Adiponectin isoforms are not associated with the severity of coronary atherosclerosis but with undiagnosed diabetes in patients affected by stable CAD.

BACKGROUND AND AIMS: Total adiponectin is emerging as an independent risk factor for cardiovascular diseases, but the role of adiponectin isoforms in coronary artery disease (CAD) is still unknown. We investigated the role of adiponectin isoforms with respect to the severity of coronary disease and to the presence of undiagnosed diabetes in patients with CAD. METHODS AND RESULTS: We recruited 205 CAD patients, all living in the central area of Italy, with a history of a previous myocardial infarction but apparently not affected by type 2 diabetes (DM2). We compared the CAD patients to a control population (n=100) matched for age, sex, BMI and cardiovascular risk factors, but without overt diabetes and cardiovascular disease. In all patients we measured Total Adiponectin (Tot-Ad) and its isoforms, metabolic, pro- and anti-inflammatory markers and we performed an oral glucose tolerance test (OGTT). CAD patients underwent a coronary angiography and/or coronary multi-slice computed tomography. Based on the severity of CAD they were divided into mono-vessel versus multi-vessel patients. Tot-Ad levels and its isoforms were comparable in patients with mono-vessel versus multi-vessel CAD. After the OGTT, in CAD patients, the results showed that 19% of patients were affected by unknown DM2, 36.1% by unknown impaired glucose tolerance (IGT), and only 43.9% were truly normoglycemic (NGT). Low levels of high molecular weight-adiponectin (HMW-Ad) were significantly associated with undiagnosed IGT or DM2 status (p<0.01). CONCLUSIONS: In our cohort of CAD patients, Tot-Ad and its isoforms do not correlate with severity of CAD, but with undiagnosed defects of glucose metabolism.

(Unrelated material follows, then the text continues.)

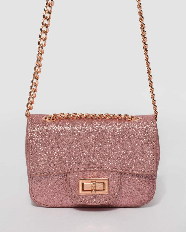 Part of our Tropi Cool collection Rose gold finish with rose gold tone hardware Glitter material Turn lock closure Fixed chain shoulder strap Pink nylon lining with colette by colette...
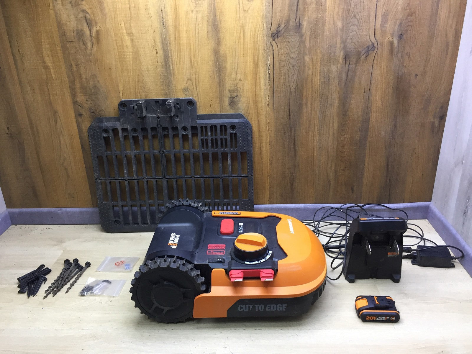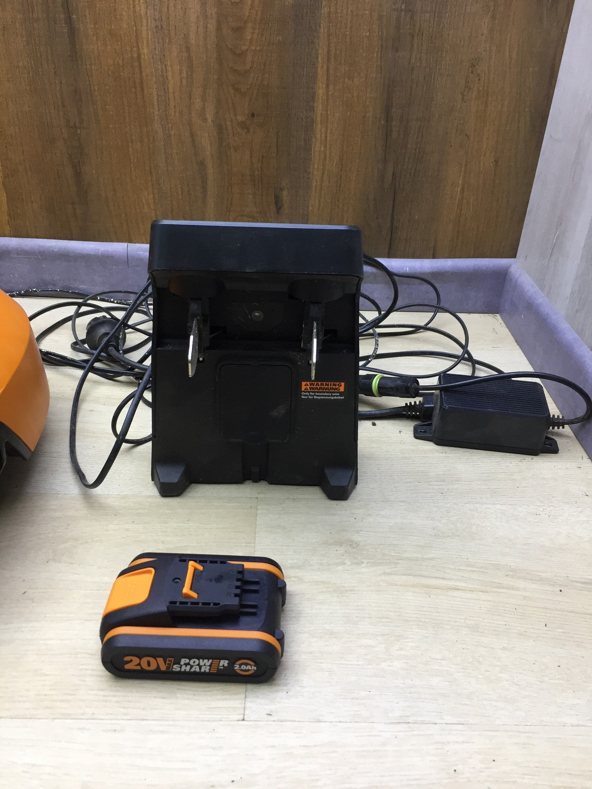 Zustandsbeschreibung: Es fehlen 1x Anschlussklemme und Begrenzungsdraht!! Gehäuse hat Kratzer (siehe Bild)!!

Pioglitazone improves endothelial and adipose tissue dysfunction in pre-diabetic CAD subjects.

OBJECTIVE: To investigate the effect of pioglitazone on endothelial and adipose tissue dysfunction in newly detected IGT patients with CAD. METHODS AND DESIGN: Participants (n=25) were randomized to treatment with either placebo or pioglitazone (30 mg/day) for 12 weeks. Before and after treatment we evaluated endothelial function (flow-mediated dilation--FMD--of the brachial artery), circulating adipose and inflammatory markers (adiponectin isoforms, TNF-alpha, and high sensitivity-CRP), and insulin sensitivity (euglycemic hyperinsulinemic clamp). RESULTS: No significant changes were observed in subjects (n=12) treated with placebo. By contrast, subjects (n=13) treated with pioglitazone had significant improvement in FMD (10.8±5.3 vs 13.3±3.6%, p<0.01), accompanied by increased high molecular weight adiponectin (HMW-Ad) (1.7±1.2 vs 4.8±3.6 µg/ml, p<0.05) and decreased TNF-alpha (4.3±1.9 vs 3.2±1.2 pg/ml, p<0.05) associated to an increased glucose disposal (4.8±1.9 vs 5.4±2.0 mg kg(-1) min(-1), p<0.05). A multiple regression analysis indicated that increasing of HMW-Ad after pioglitazone predicted increased FMD. CONCLUSION: Pioglitazone significantly improves endothelial and adipose tissue dysfunction in pre-diabetic patients with CAD.